Patio Drainage – Don’t Forget The Pitch

Summary: In patio installation the pitch and layout on large patios or terraces installed by professionals are “laid out” with surveying instruments. Homeowners and the DIY’er in building a small patio usually do not have access to surveying instruments and must be done by hand. Find out how to stay on pitch!
A pitch of a patio that is too steep makes for tilting garden furniture, and the irritation of liquid spilling out of containers set on a sloping table top. The pitch in laying a patio or deck should not exceed two and one-half inches in ten feet.

I once allowed myself to be bullied by a mason into building a patio at the end of a small garden with a pitch of five inches in twelve feet. I protested, but he was experienced and very determined. He insisted “I know how to lay a patio!”

When the job was finished, I asked him why he had been so insistent. He replied with Latin excitement, “My patio, no one would see my patio!” I realized he was so proud of his work that he would have stood it on end if he could.

The slope of the table on the patio was not good, but still not impossible, and the slight exaggeration of the pitch did actually play up the area and increase the apparent size of the garden slightly.

Patio Drainage Solutions – The Purpose of Pitch

The purpose of the pitch, of course, is for patio drainage, allowing water to drain off smoothly and fairly rapidly.


In a big job, elevations are established by surveying instruments, but on small properties, simple, rule-of-thumb methods often suffice. An easy way when landscaping small backyards is by laying out the paved area in the following:

After staking out the terrace, dig a trench round the whole area, about three inches deep on the high side and a little deeper on the low side.

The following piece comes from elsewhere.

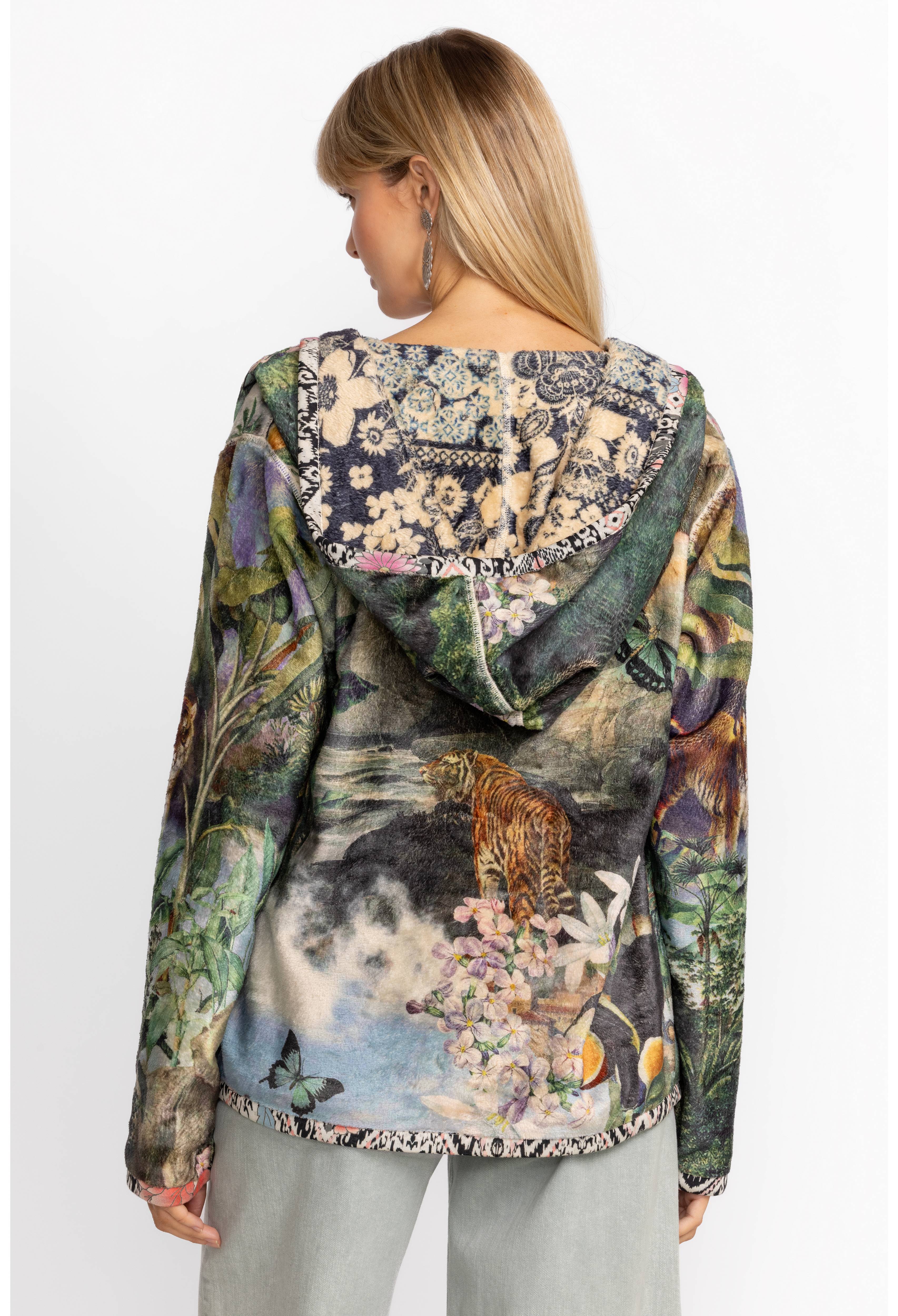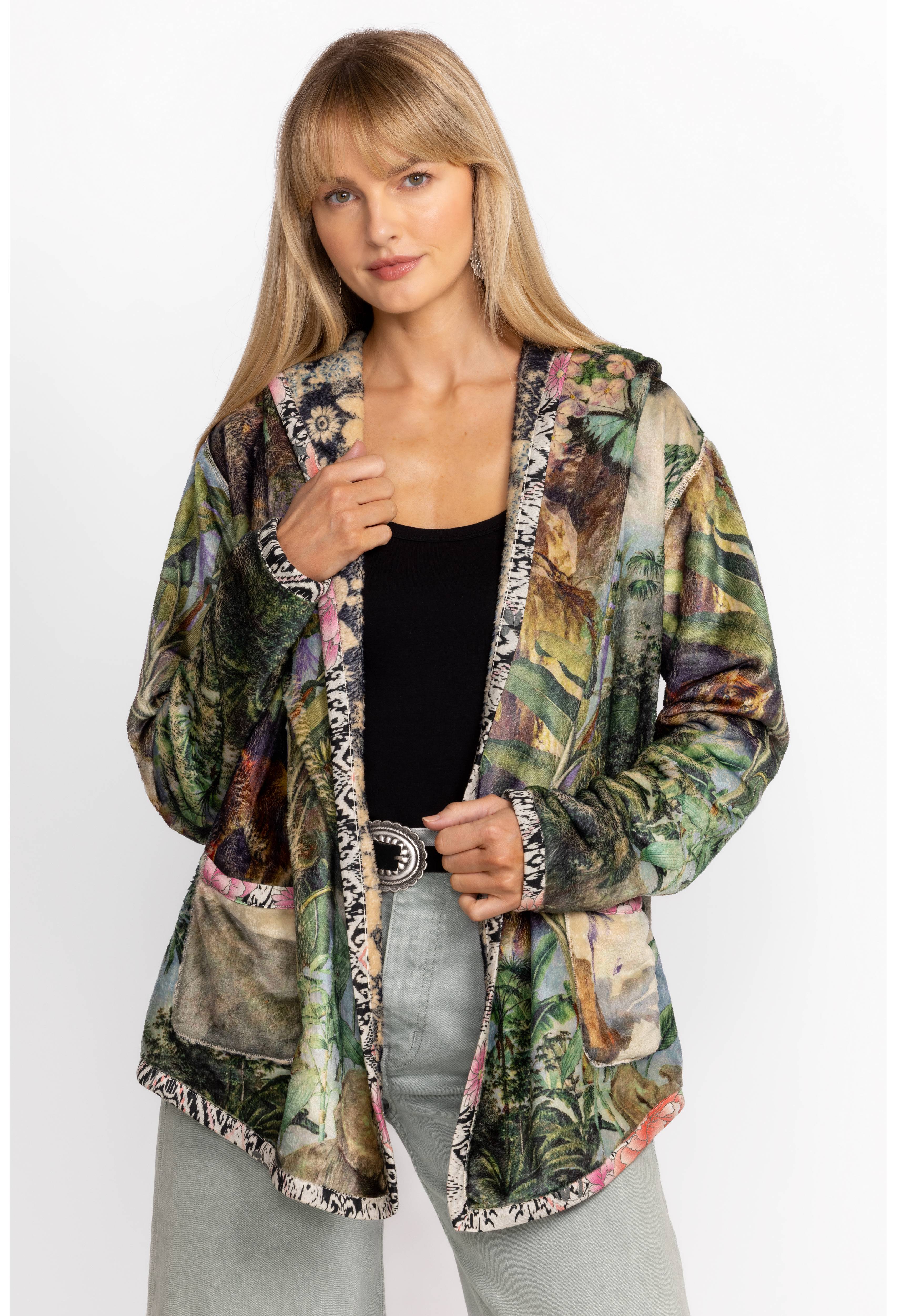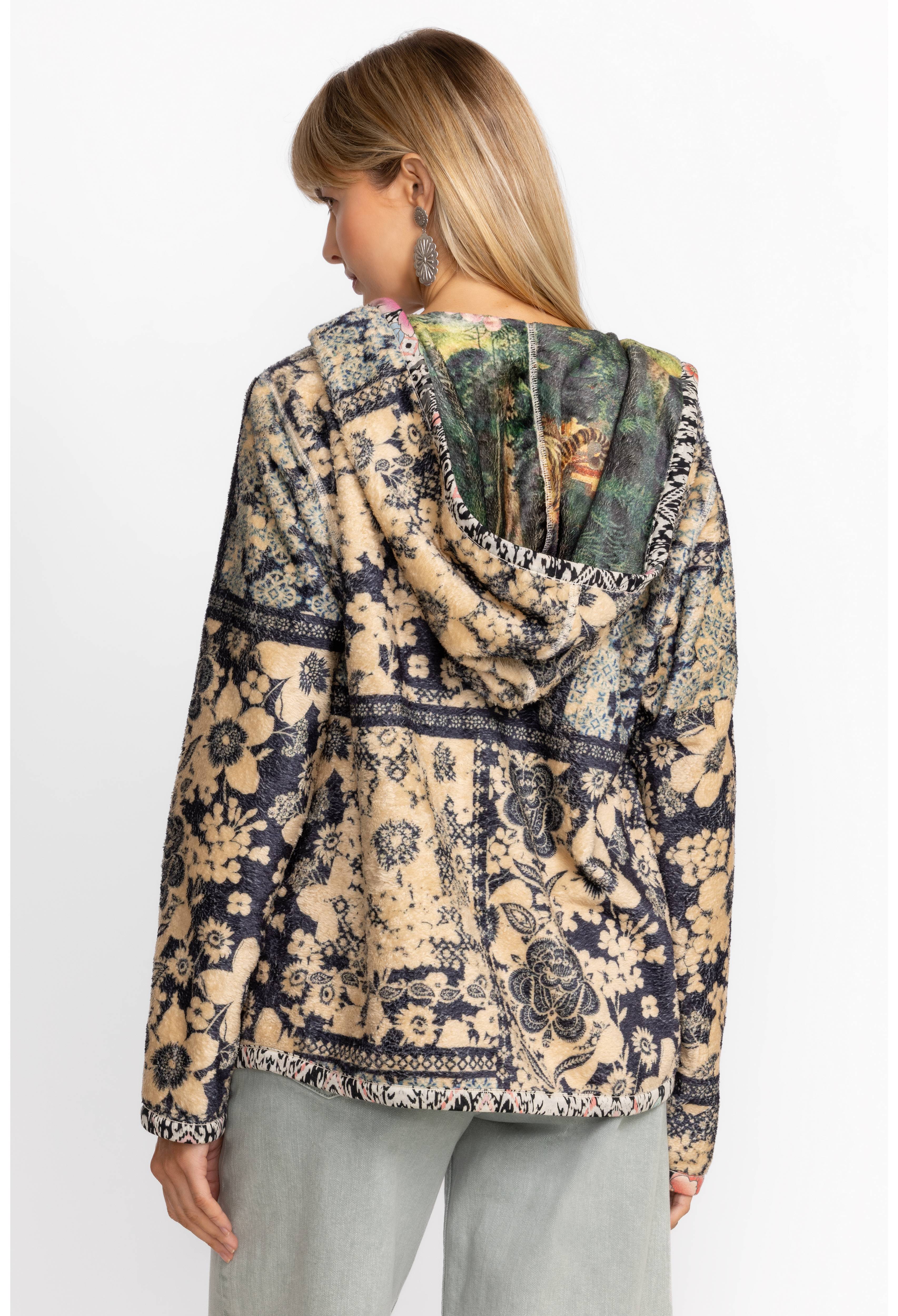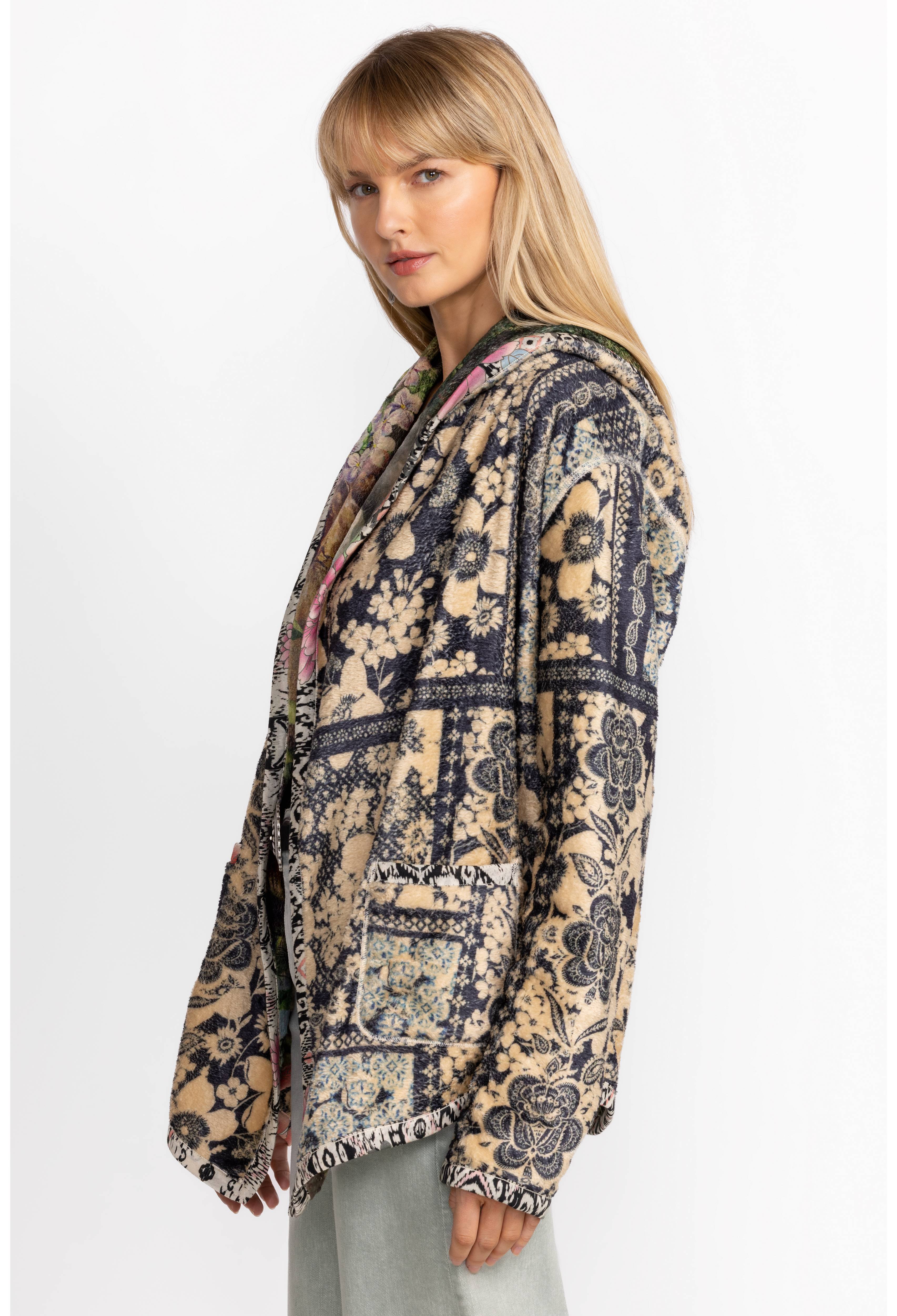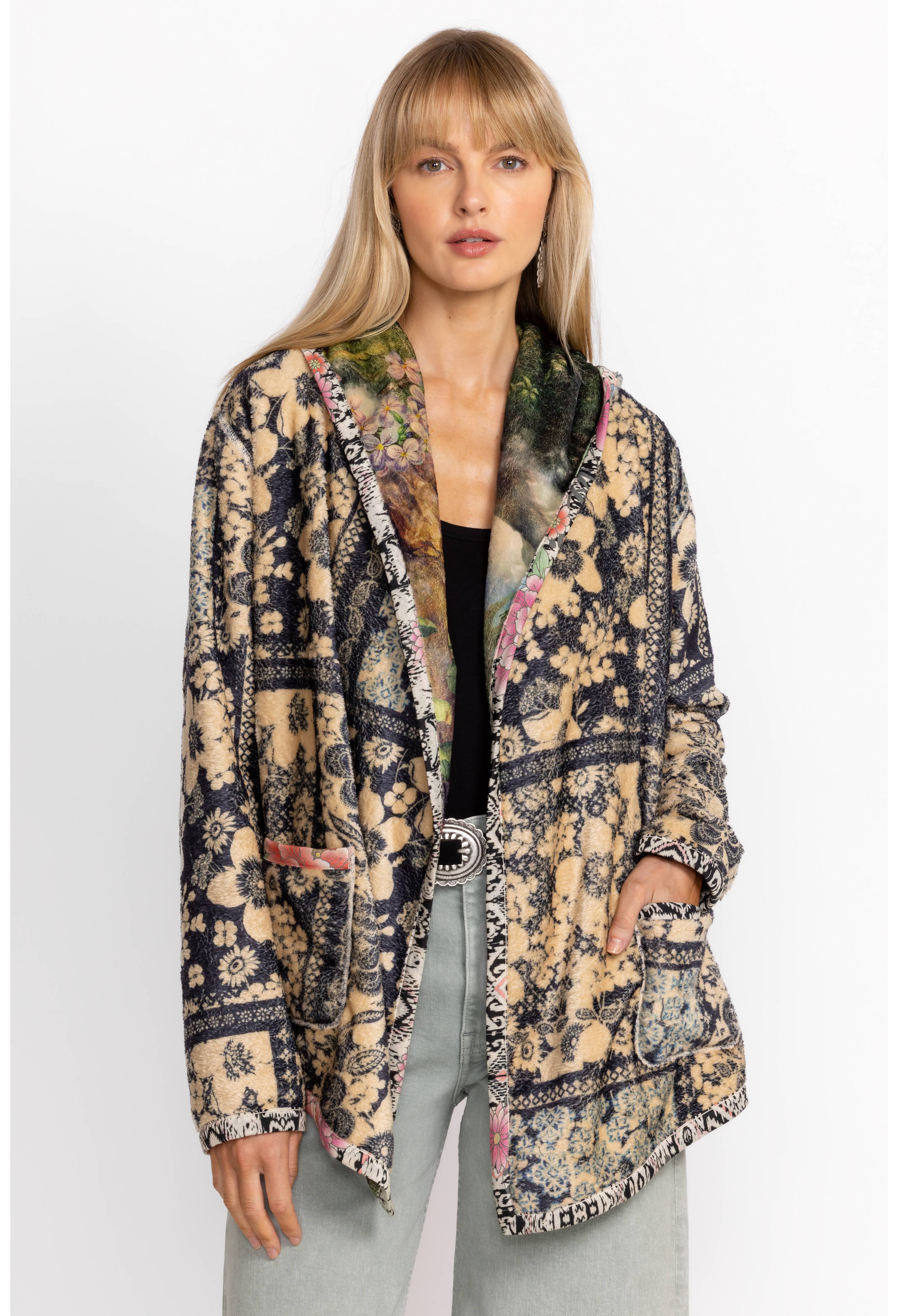 Introducing the Joan Sherpa Jacket - the ultimate in versatility and comfort. With two unique designs, this fully reversible jacket offers endless options for your wardrobe. Its open front and attached hood make for a cozy fit, while the sherpa lining and slip pockets add functionality. Perfect for a casual weekend look!

Sink a frame of two by four lumber into the trench. Use a mason’s or carpenter’s level to be sure that the sides of the frame are level.

Place a board (piece of rigid lumber) across the frame, from the high side of the terrace to the low side. (If the terrace is more than about twelve feet wide, it will be necessary to perform this operation in more than one step, and establish the grade at, say, ten-foot intervals.)

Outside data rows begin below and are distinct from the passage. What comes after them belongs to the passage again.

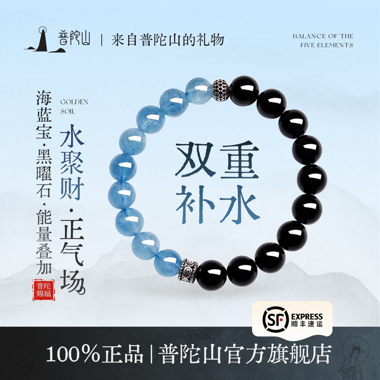 Putuo Mountain Obsidian Aquamarine Bracelet Women's Official Natural Crystal Bracelet Gift for Girlfriend
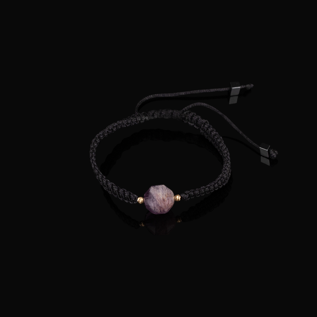 Handwoven Shamballa bracelet featuring a faceted natural Amethyst quartz, accented with 2 2.5mm 18k Yellow Gold diamond-cut beads, and 4mm Hematite beads at the sliding knots.
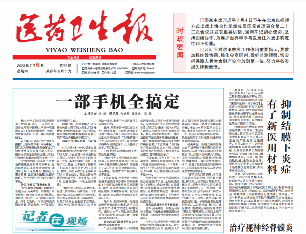 河南中医一附院的跨省、省内异地转诊实现了线上备案,门诊慢性病、特殊疾病实现了线上申报,在全省率先将申报端前移,患者出院即可完成慢性病申报工作。
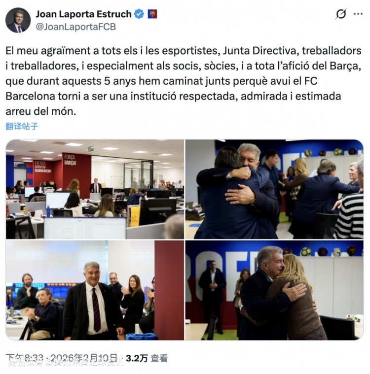 北京时间2月11日,拉波尔塔本周一正式辞去巴萨主席一职。周二,他在个人社交媒体发布图文,向俱乐部员工及球迷告别。
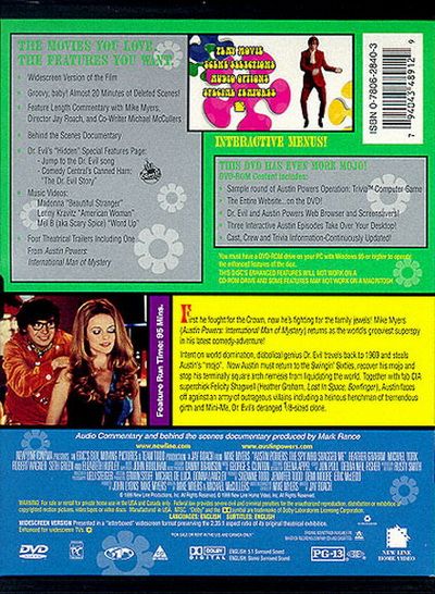Once again, Austin Powers brings exceptional color fidelity to home theatre. Hues are eye-popping and vibrant, with rich and warm colors, accurate fleshtones and deep, deep blacks. Images are sharp and detailed, with fine detail and definition. The anamorphically enhanced DVD viewed in component video exhibits exceptional clarity and an almost three-dimensional image with detail into deep backgrounds. Contrast and shadow delineation are superb, with exceptional gradation between the darkest scenes and the deepest blacks. The picture really pops with brilliance. [I was mesmerized by the unbelievably likeness the DVD picture exhibited compared to the high-definition lay down that I viewed during the Philips Spirit Datacine film-to-video transfer at Laser Pacific. While the HD 1080i master had the slightest resolution edge, the richness of the color as well as contrast are faithfully rendered on this DVD release. When viewed through a progressive scan DVD player at greater than 480p, for example 768p, the picture quality is awesome-certainly one of the very best DVD releases ever.-Editor Gary] There is no compression pixelization or artifacts for a picture that is by far one of the best reviewed DVDs at our facility. The DVD measures 2.35:1, anamorphic and letterbox.

Place the level on the board and, resting one end of the board on the frame at the high side of the terrace, adjust the board until it is level. Prop it in this position, and adjust the low side of the frame to the required pitch.

If the pitch is to be two inches in ten feet, and the terrace is ten feet wide, the low side of the frame should be two inches below the high side; if the terrace is fifteen feet wide, the difference in level will be three inches and so on.


When the frame has been adjusted, make it firm by driving stakes into the ground. You now have a frame into which to fit the terrace.

Laying Flagstone

If the terrace is to be made of heavy flagstone, three or more inches thick, without a cushion of cinders and sand, prepare the soil within the frame by removing all stones near the surface and raking it smooth.

If it has been necessary to work it deeply, let it settle for a few days. In any case, tamp it. When it is thoroughly settled, begin putting the flagstone in place. Prepare the bed for each flagtone separately by raking lightly and mixing in a little sand if the soil is heavy.

Begin at the upper side of the terrace and place the first stone so that its upper edge is resting against the frame and level with it. Then take the piece of board and rest it across the frame and the flagstone.

It should touch squarely the surface of the stone and the top and bottom sides of the frame. Continue in this way, testing the position of each stone as it is placed, until the whole terrace has been laid.

Use your eye to decide on a pleasing pattern, and try to avoid joints that continue in a straight line from stone to stone.

When the stone varies in color and texture, stones lighter or darker than the majority, or coarser or finer in texture, should be scattered rather than laid all together. When all the stones are in place, test them again with the length of board and adjust or tamp any pieces that are out of position; then brush clean sand into the spaces between the flags.

If the paving material is to be laid on a bed of sand and cinders, excavate within the frame to the required depth to allow for a cushion of cinders or gravel (about six inches) and sand (about two inches). Both the cinder layer and the sand layer should be flooded and tamped.

Whatever material is used to pave the terrace, the frame of two by fours makes it easy to achieve a uniform grade and a smooth surface. If it is necessary to pitch in more than one direction, divide the frame with a center board.

If the terrace is raised above the surrounding level, it should be faced along the exposed sides. Even when the facing stones are heavy, they should be set in concrete.

To do this, dig a trench and pour in a footing of concrete. This will hold the facing stones in line. Place one-inch boards along the exposed sides of the terrace and hold them in place with stakes driven into the ground.

Put the facing stones in position in front of the board. Pour concrete into the cracks between the facing stones, leaving a few openings for drainage. When the concrete has set, remove the board and pour concrete into the space between the facing and the terrace.

Exposed concrete should be colored to match the stone.